Connecticut Water's 2018 spending plan includes funding for key Maine projects

Connecticut Water Service Inc. (Nasdaq: CTWS), parent company of Maine Water, announced Friday an overall $66.2 million capital spending plan for 2018 for its regulated public water and wastewater utilities.

Approximately 35% of the capital spending planned for 2018, or $23 million, is allocated for pipeline replacement and other projects eligible through Connecticut's Water Infrastructure and Conservation Adjustment and Maine's Water Infrastructure Charge programs.

Connecticut Water's capital spending plan also includes $15.7 million for treatment improvements, the majority of which is allocated to the Saco River Treatment Facility that will replace the Maine Water Co.'s oldest surface water treatment plant, which went into service in 1884 and is possibly the oldest water treatment facility in the nation. The new treatment facility will be located out of the Saco River's flood plain and will ensure that the company has reliable capacity and system redundancy to meet the water needs of current and future customers in southern Maine. The facility is expected to be service in 2020.

The 2018 capital spending plan represents an increase of $10.2 million, or 18%, compared to 2017's approved plan. The 2018 plan includes capital spending for the two Connecticut companies acquired in 2017 that were not included in the 2017 plan.

Overall, $48.5 million is allocated for the company's Connecticut subsidiaries and $17.7 million is allocated for Maine Water in 2018. Connecticut Water's regulated water and wastewater utility subsidiaries in Connecticut serve nearly 104,000 water customers and 3,000 wastewater customers in Southbury.
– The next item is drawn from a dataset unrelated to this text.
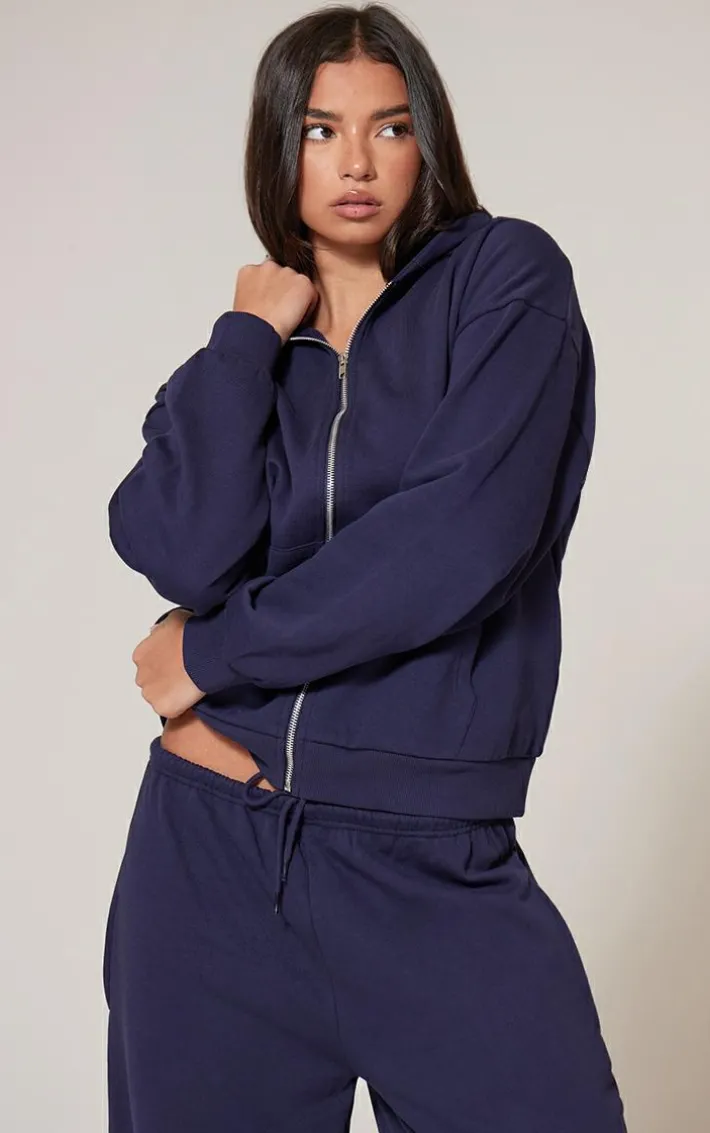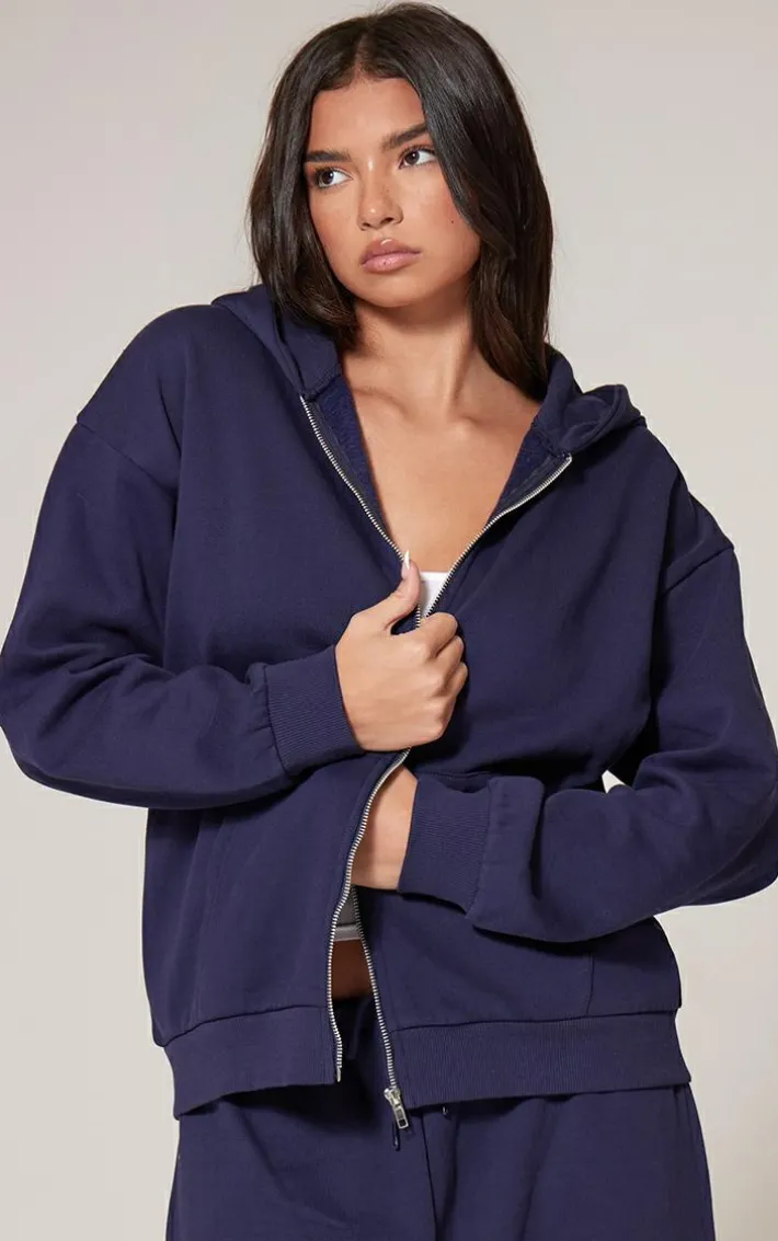 Nothing says cosy vibes quite like an oversized hoodie. With this navy premium zip up oversized hoodie, we know the versatile front zip feature and essential navy fabric will be at the top of your hit list. Take your off-duty look to the next level with the matching sweatpants, and fresh kicks.
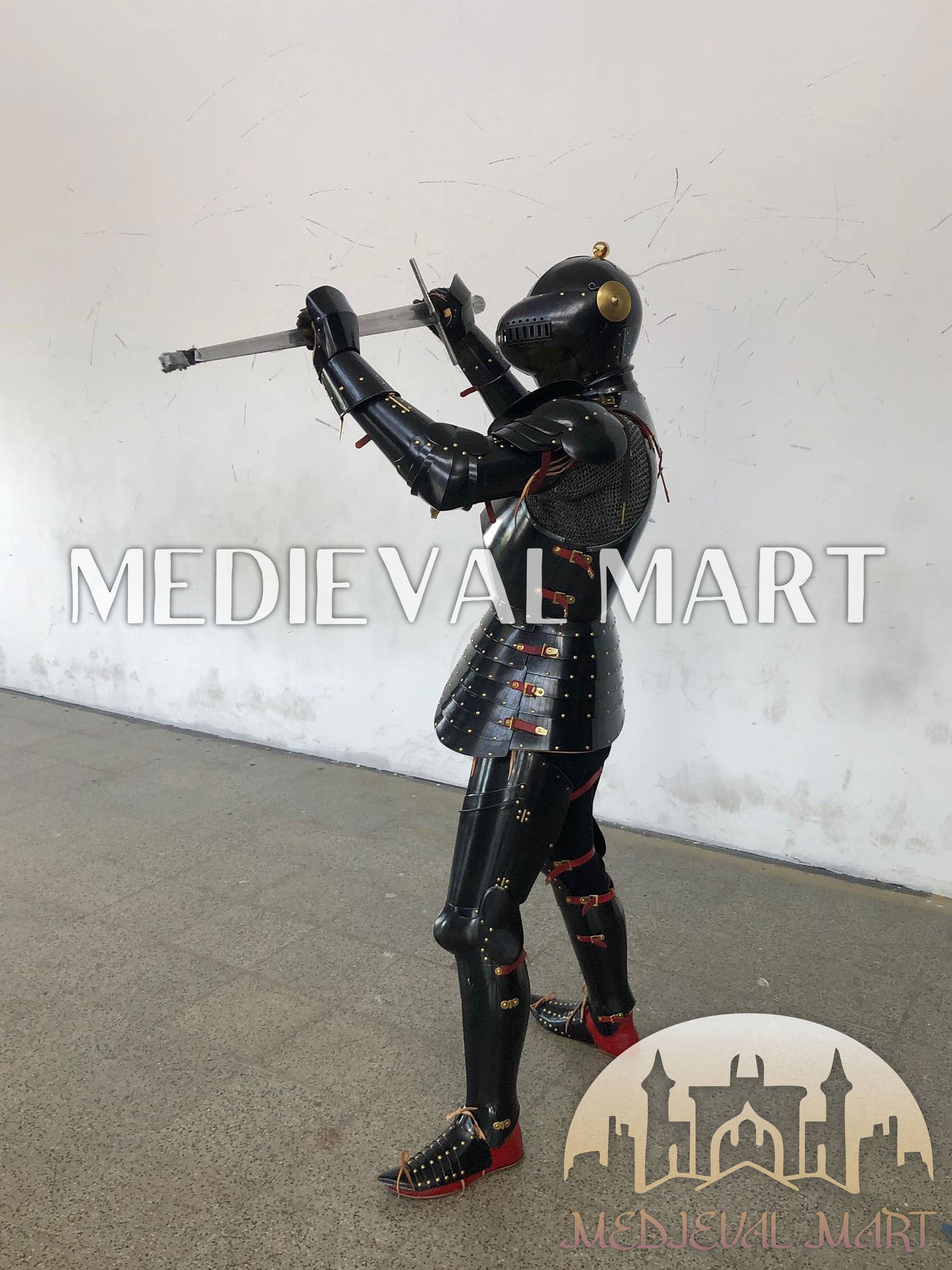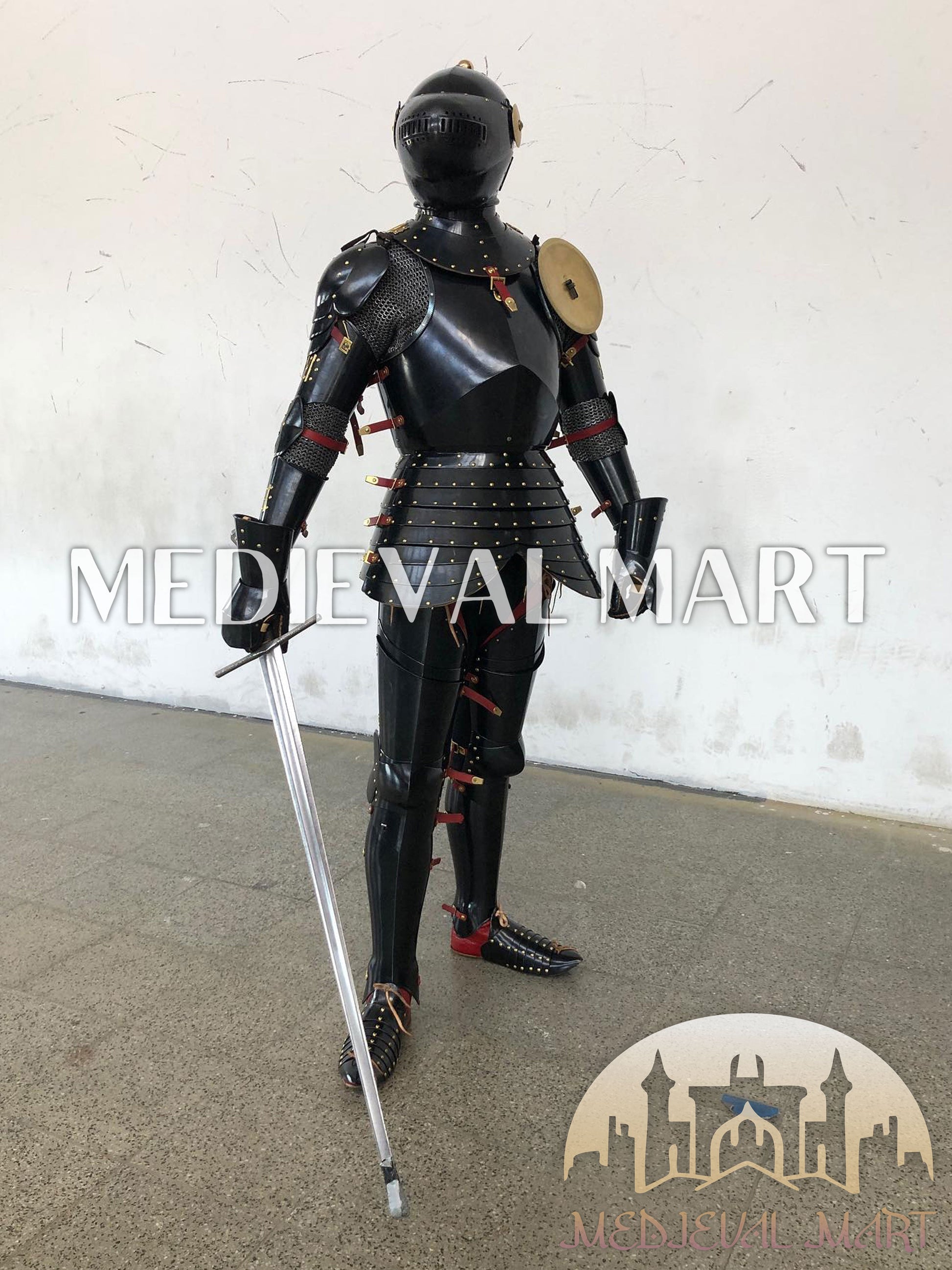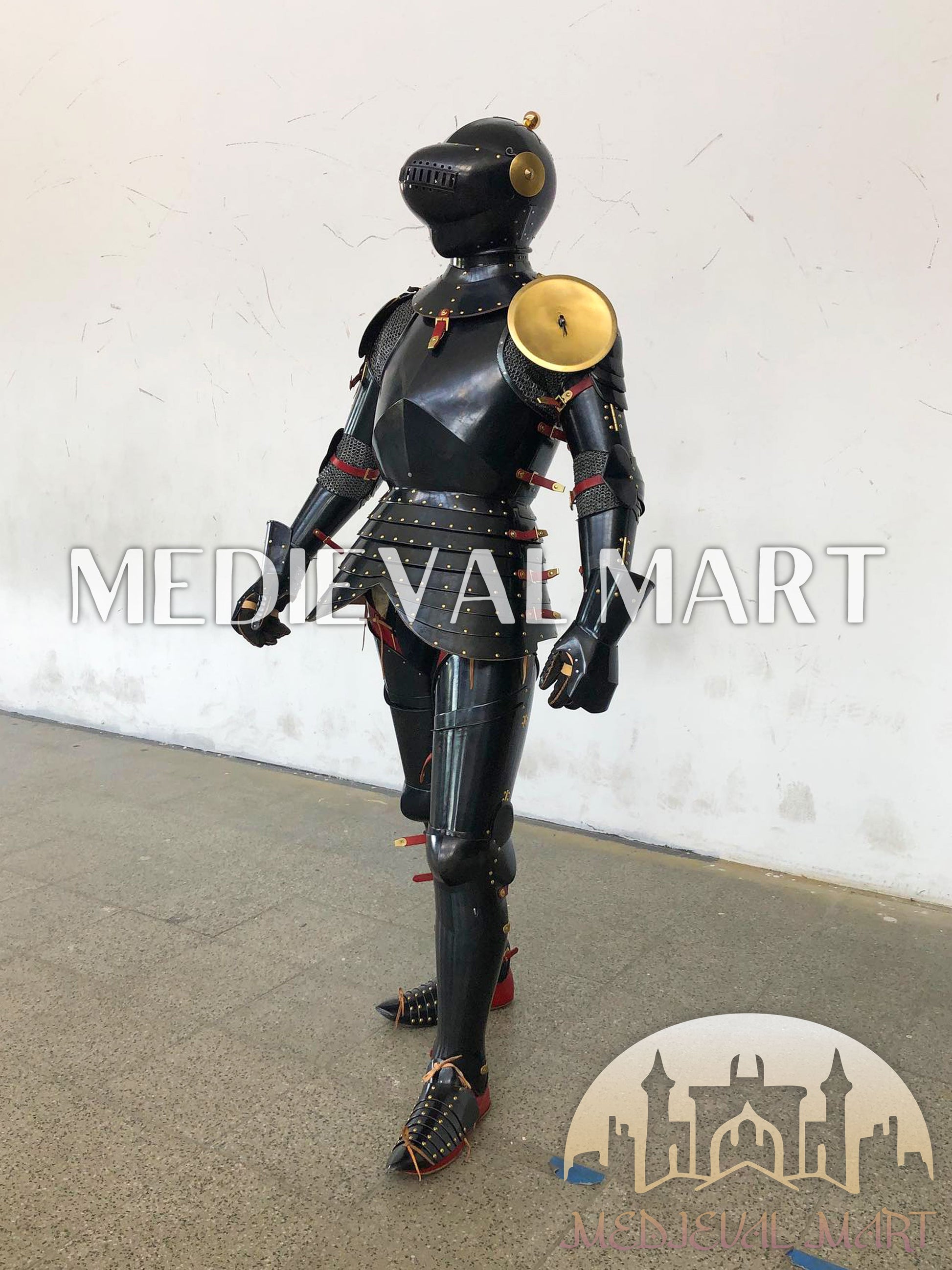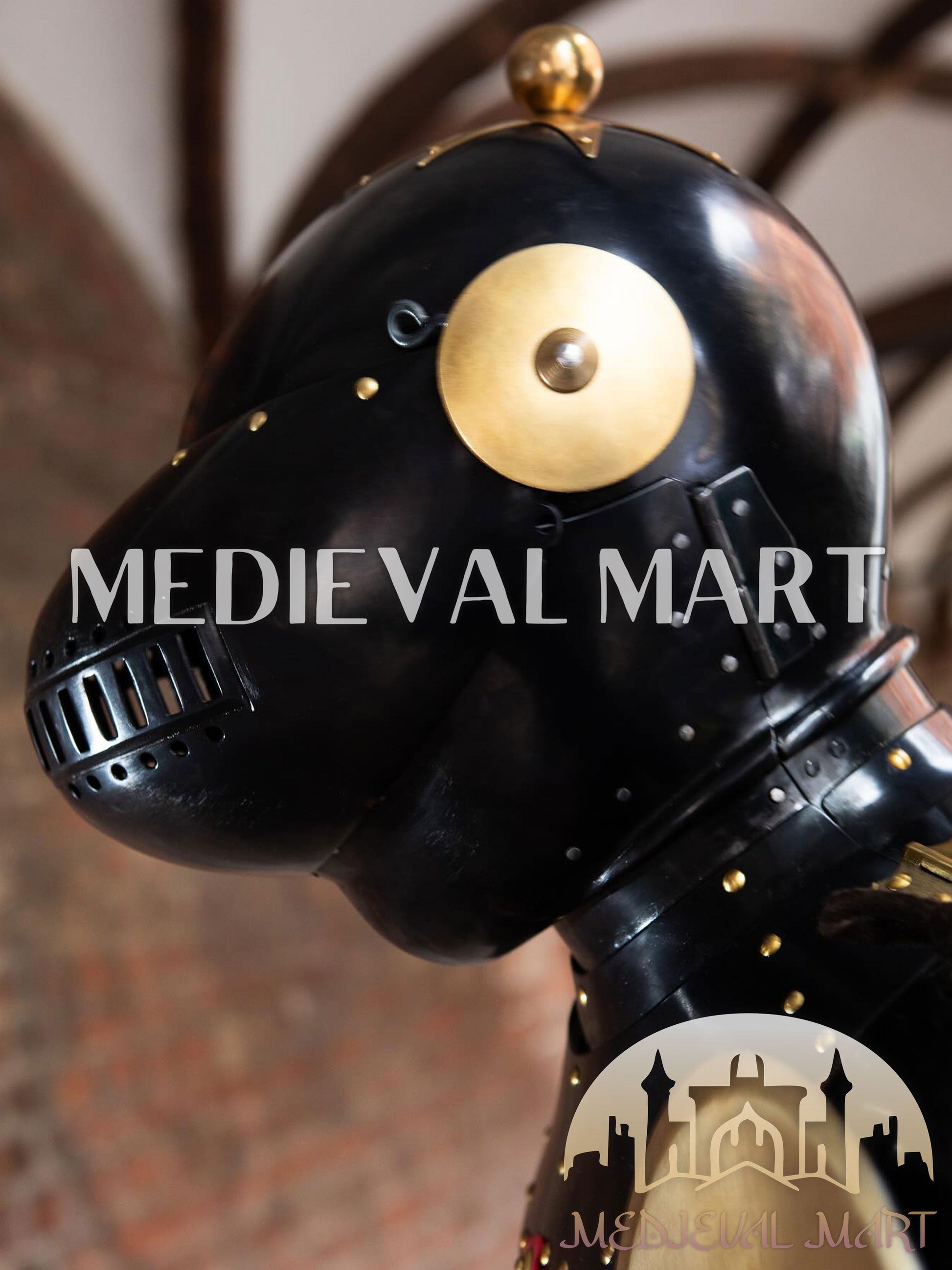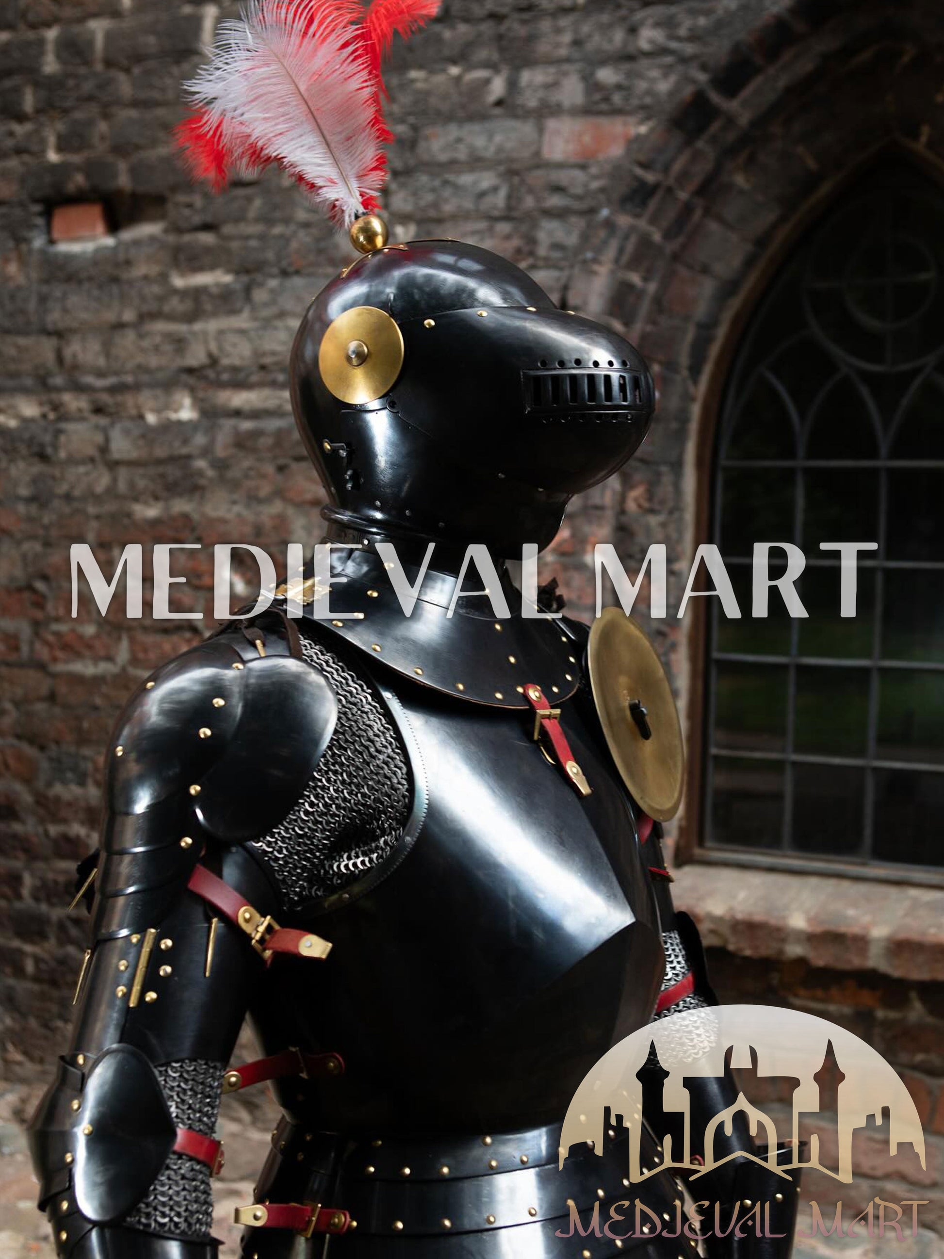 This full armor costume is more than just a medieval display — it’s a statement of power, discipline, and timeless craftsmanship. Designed to reflect the noble aesthetics of both ancient Hellenistic warriors and late medieval European knights, this suit blends historical imagination with authentic armor detail.

Maine Water serves about 32,000 customers in Maine.

"Our water utility companies are leaders in replacing aging infrastructure," David C. Benoit, Connecticut Water's President and CEO, said in a news release. "The 2018 capital spending plan keeps us on pace to replace about 1% of our water mains every year — far sooner than the industry average."

Benoit said the investments will improve "reliability and water quality, enhance the flow of water available at fire hydrants, reduce operating expenses in the form of lower tax expense, and are good for the environment because they reduce the amount of water lost to underground leaks and the power wasted to pump lost water."